By Richard E. and Beverly A. Brown

Shaffer, Brown & Associates, 202 pages, ISBN: 0-9648742-0-2, $15

Reviewed by Robert H. Colson, PhD, CPA, The CPA Journal

In this book, the auditors are the good guys in white hats, unmasking a massive fraud by adhering to principle in the face of a client’s argument that the transaction amount was too small to be material. Does this sound too good to be true when the news headlines blare the media’s perception of accounting and auditing failure? Do such things happen only in books? Alternatively, can we become better, more perceptive accountants by reading about accounting role models, albeit fictional?

These questions ran through my mind as I read the Browns’ accounting teaching novel on the train during two days when my fellow commuters were engrossed in the latest news about Enron, and the novel held my interest throughout.

The Rose Engagement has intrigue, murder, and action. The story unfolds as a Cleveland CPA firm accepts an engagement to pursue a Yellow Book audit of certain functions of the White House executive staff. The audit goes smoothly until an audit manager stumbles across a transaction that a temporary employee had mistakenly paid from the wrong fund. When the audit manager tries to resolve this audit question according to standard audit procedures, the chief of staff tries to evade her routine questions. She decides to track down the details of the transaction, but before she can get started she becomes the victim of a hit-and-run accident. The story unfolds from there, and you will like the book better if you read the denouement for yourself.

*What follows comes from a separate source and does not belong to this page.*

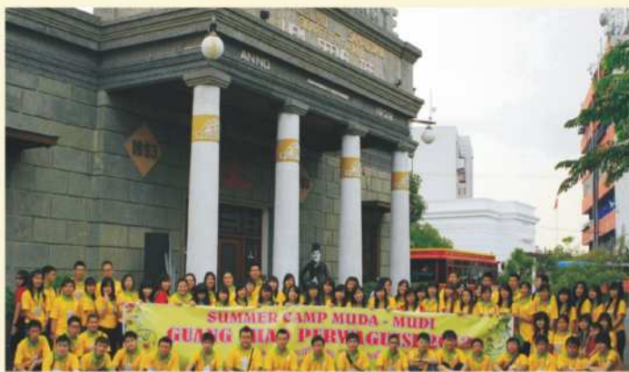
Peserta Summer Camps Berfoto Bersama Di Musium Sampoerna

Because The Rose Engagement is a teaching novel, it emphasizes abstractions such as auditor independence, GAAP, GAAS, GAGAAS, and auditor responsibilities and ethics. The characters are not well developed—probably because the novel’s primary objective is to teach about certain accounting responsibilities—and the plot is also fairly straightforward and uncomplicated, again because of the novel’s teaching focus. Nonetheless, at only a few points does the book becomes self-consciously and obviously didactic, such as when a partner explains to a staff accountant that GAAP stands for … you see my point.

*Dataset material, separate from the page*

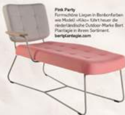
Pink Party Formschöne Liegen in Bomborfarben wie Modell »Kiko« führt neuer die niederländische Outdoor-Marke Bert Plantagie in ihrem Sortiment. bertplantagie.com

Relax-Modus. Teil zwei! Nach leuchtendem Weiß treiben wir es nun bunt im Garten und am Beach. Die Daybeds haben nicht umsonst den Status uneingeschränkter Gemütlichkeit erlangt. Wollen auch Sie in eine dieser Wohlfühloasen sinken?

Some accounting circles bemoan the dearth of strong CPA role models in literature and film—doctors, detectives, government agents, lawyers, professors, and athletes seem to get the best parts. Would more popular movies and books about accountants persuade more young people to enter the profession? Read The Rose Engagement and form your own conclusions about the desirability of a literature about accountants. If we need heroes, can we find them in fiction?